Возвращаясь, Барнс надеялся, что Брок уже вернулся и достал, чего он там хотел. Но сам он не стал бы так сразу менять свои ножи на местные поделки.

— Рада, — позвал он хозяйку, увидев во дворе. Она стирала их с Броком шмотье. От этого почему-то стало стыдно, словно они сами были безрукие и не могли одежду постирать. Но потом Барнс вспомнил, что в этом мире подобное — норма. — Спасибо. Где можно выпотрошить?

Рада посмотрела на него странно, не то, чтобы он сделал что-то не так, ее скорее удивило, что он вообще это сделал — принес еды, хотя был, вроде как не обязан.

— За домом компост, вот возле него, — все же объяснила она. — Там увидишь место, я там курей бью.

Барнс кивнул и пошел потрошить добычу.
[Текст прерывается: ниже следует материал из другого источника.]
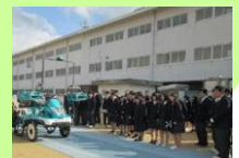
高校への出前授業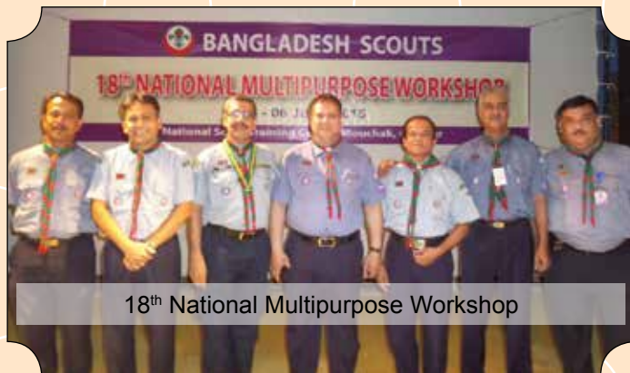
18th National Multipurpose Workshop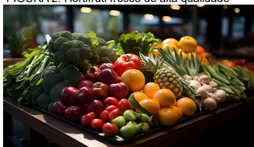
FIGURA 2: Hortifrutti fresco de alta qualidade

Espera-se que o protótipo final funcione com eficácia e com o melhor custo benefício, tendo seu propósito atingido e que as informações coletadas sejam úteis para descobrir as razões do desperdício durante os processos de armazenamento, transporte e distribuição. E assim, guiar o gerenciamento de processos logísticos sustentáveis e conscientes, amenizando as perdas e desperdícios e seus impactos.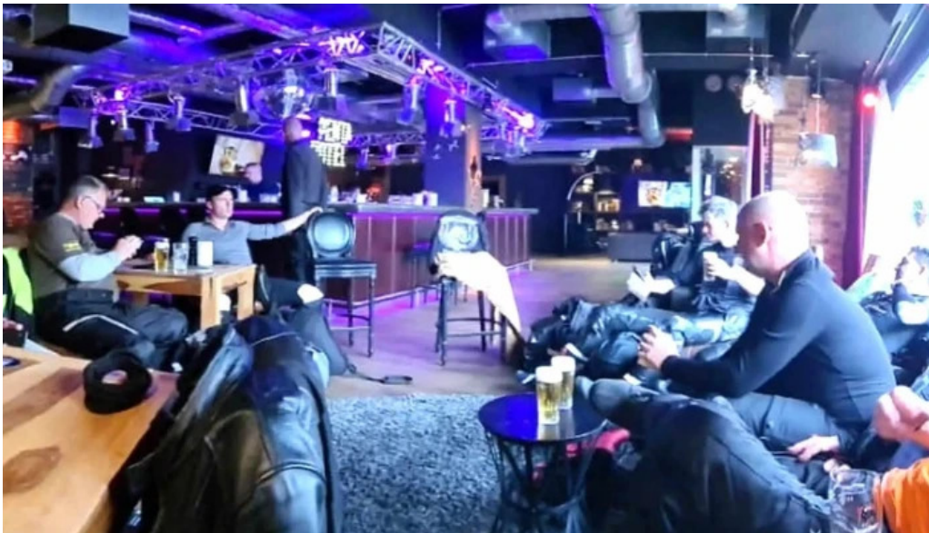
Auberge roudbaach bewaertung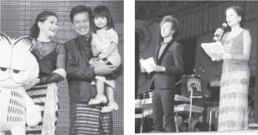
အိမ်ထောင်ရေးအဖွဲ့အစည်းများ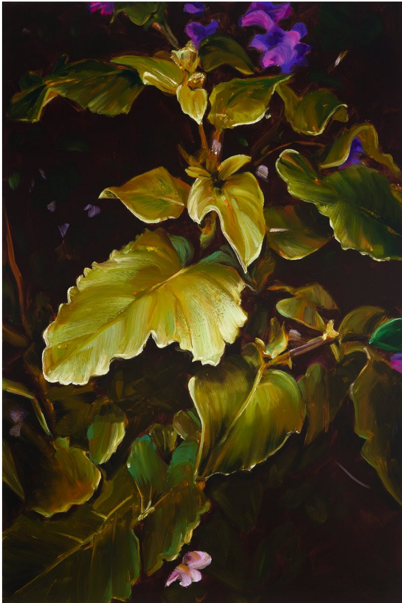
Cornelius Völker Blätter, 2023 Öl auf Leinwand 150 x 100 cm Voel/M 270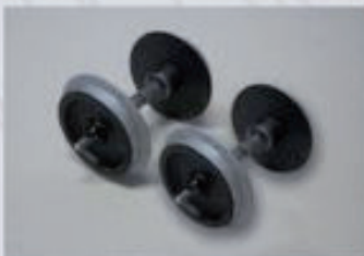
36164 Radsatz 2 St., ø 30 mm verchromt 19,99 €* 36165 Radsatz 2 St., ø 35 mm verchromt 19,99 €*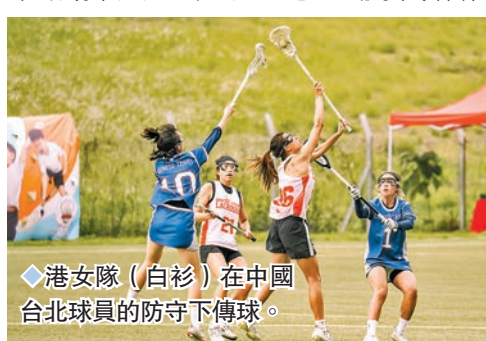
港女隊(白衫)在中國台北球員的防守下傳球。

港足球總會足球訓練中心舉行。中國香港男、女子代表隊，在首天的小組賽旗開得勝，男隊控香港男子精英訓練計劃隊及新加坡CrosseFire，女隊擊敗中國台北及韓國梨花隊，在小組賽排名暫列榜首。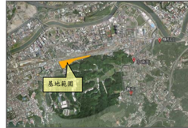
圖 5 基地位置與鄰近考古遺址分布關係圖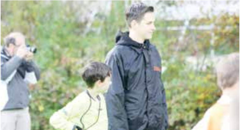
Een opkikker voor de opleiding van jeugdige scheidsrechters.

mulier downloaden via www.stichtingxopx.wordpress.com of ophalen in onze kringloopwinkel Keer op Keer, Rijksweg 127, Limmen. Openingstijden: dinsdag, donderdag en zaterdag van 10.00 tot 15.00 uur, tel. 072-5325962.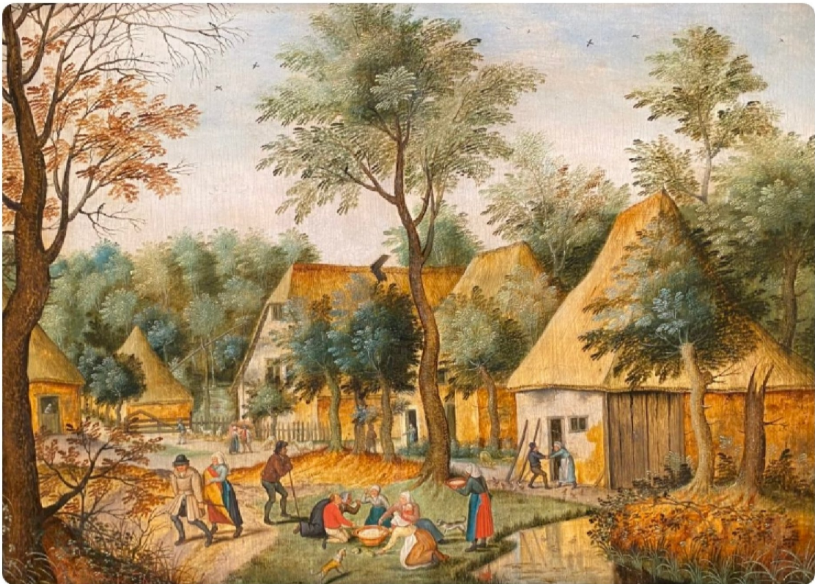
Pierre Brueghel le Jeune (1564-1638), « La Fête au village des paysans »

Рубаху, по-хорошему, надо было снять, но он сомневался, а потом плюнул и снял, потому что все равно придется. Или сейчас — чистую, или потом — грязную. Пусть лучше сразу боятся.

*

Мир вращался перед глазами, но Брок упрямо пёр до дома Рады, почти не разбирая в темноте дороги, хотя и кузнец упорно уговаривал его остаться.

С Кираном посидели вполне душевно. Поначалу кузнец говорил всё больше про детей, про монстра того клыкастого, что Барнс в лесу укокошил, даже ненатурально попытался похвалить Брока. После третьей стопки разговор резко развернуло. Ещё мгновение назад добродушный мужик преобразился, сверкнул чёрными глазищами и вцепился Броку в ворот рубахи.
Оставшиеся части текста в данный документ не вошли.